Положим, к своей наиболее естественной картине он чересчур строг, вплоть до «Зеркала» она осталась его лучшей, во всяком случае, самой искренней, ничем не опосредованной лентой. Но правда в другом: метафоры не выразили состояние, владеющее душой ребенка, а подкрепили его. Выразить досталось — актеру Николаю Бурляеву в роли Ивана. Для сотрясающей душу Ивана боли нет и не может быть образного эквивалента. Но передать боль можно и иначе — иносказательно. И — вот парадокс! — как только предпринимается попытка истолковать картину аллегорически, она под пером толкователя становится страшно плоской. Обратная ситуация — с Параджановым: по видимости простой, «вертепный» мир его зрелых лент как бы вбирает символические значения образов, до конца не порывая с аллегоризмом, но сообщая зрителю ощущение глубины, открытой для толкования. Так было в «Цвете граната», так осталось — полемически — и в «Ашик-Керибе».

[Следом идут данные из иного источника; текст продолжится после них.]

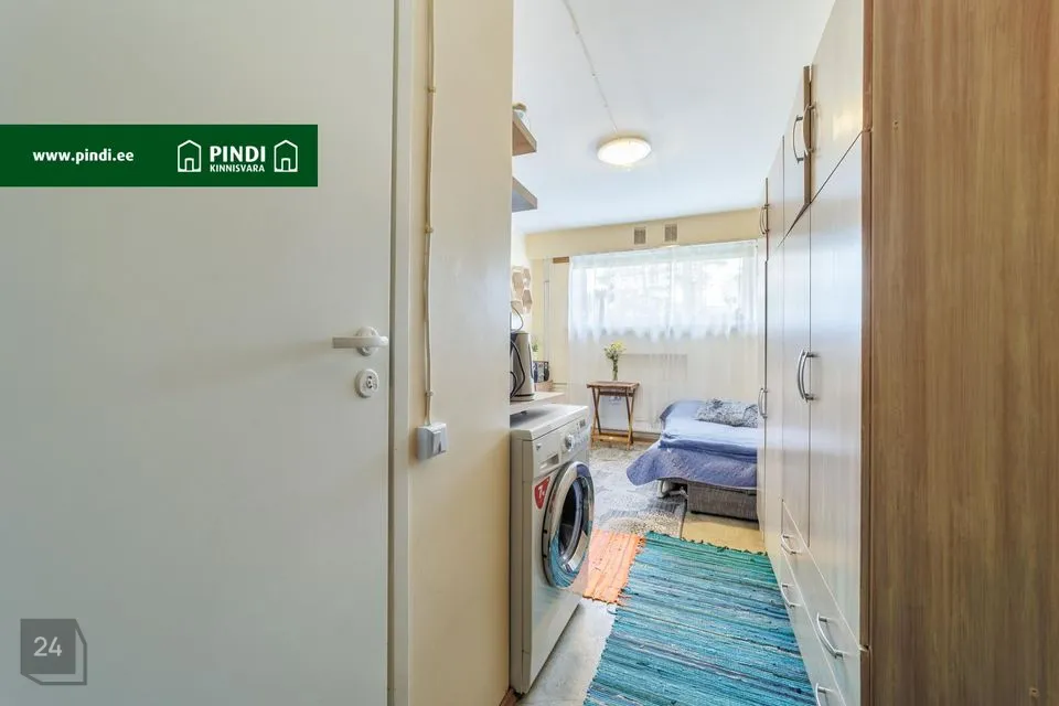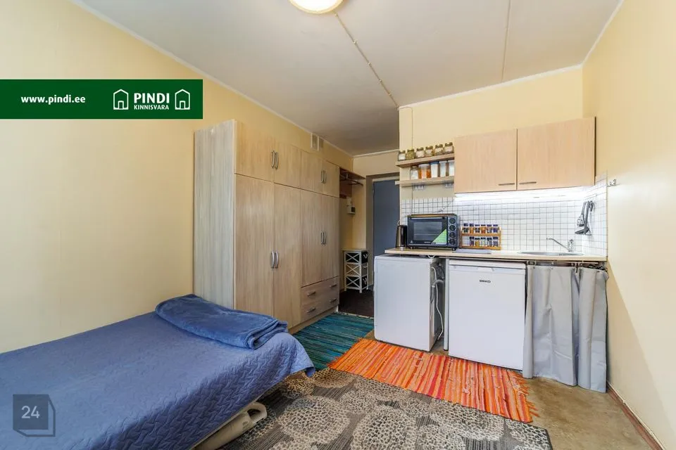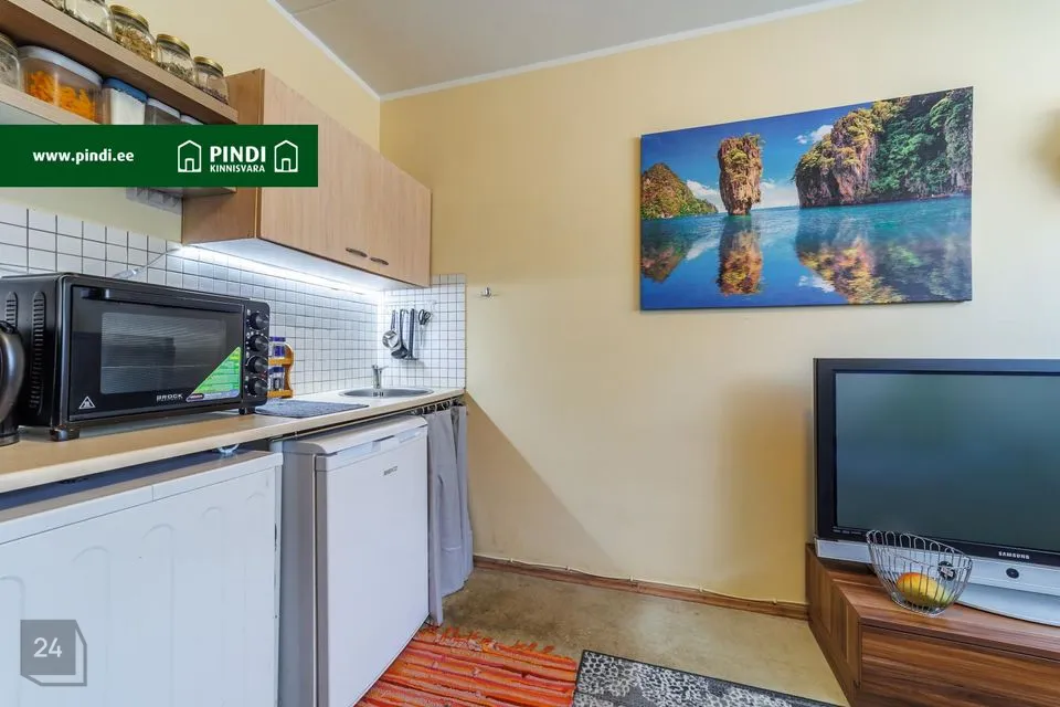 Soe ja hubane stuudiokorter on sisustatud ning olemas kõik eluks vajalik. Kööginurgas on olemas väike külmkapp ja pesumasin.

Природа атмосферы «Иванова детства» — сновидческая. Принципиально разорвав действие ленты на явь и сны, Тарковский, в сущности, задал ключевой сюжетный, а не только образный код своих последующих фильмов — вплоть до «Жертвоприношения». Только после «Иванова детства» между сном и явью есть промежуточные фазы пробуждения. Пробуждение Ивана — катастрофично, и потому предшествующий ему и многократно описанный эпизод — не вполне сон, скорее, начало кошмара, значимое именно в силу того, что контрастирует с начальной безмятежностью, открытостью миру Матери и беспримесной любовью. Трудно переоценить то, что сделал Тapковский: он переосмыслил или, если угодно, взорвал канонический образ ребенка в советском послевоенном кино: мальчик — это маленький мужчина, вынужденный воевать вместе со взрослыми и сам стремительно, до срока взрослеющий, вступающий на место как бы уже потенциально убитых отцов. Поскольку такие малыши пришли в кино (и свое время) прямо «из жизни», из коллективного и коллективистского опыта сопротивления, когда один за всех — все за одного, детишки эти были увидены глазами взрослых — уважительно, как равные себе, как товарищи по борьбе. Ад, творящийся в душе мальчишки, увиденного глазами такого же, только подросшего ребенка (Гальцева), фабульно был мотивирован и оправдан войной, смертью матери, отсылающими к сюжетным обстоятельствам рассказа В. Богомолова. Но беспримесно трагическое мироощущение режиссера связано, мне кажется, с тем, что Иван остается в замкнутом круге мести и ждет смерти, как искупления, неведомого ему самому и, возможно, по христианской традиции, несущего избавление. А получает — казнь. Сны сбываются. И еще страшнее: в этой системе ценностей, оставшейся после смерти матери, есть только честные палачи — и предатели (в этом фильме им места нет, они появятся в «Рублеве»). Безумие старика на развалинах — эксцесс, избыточность «плана выражения».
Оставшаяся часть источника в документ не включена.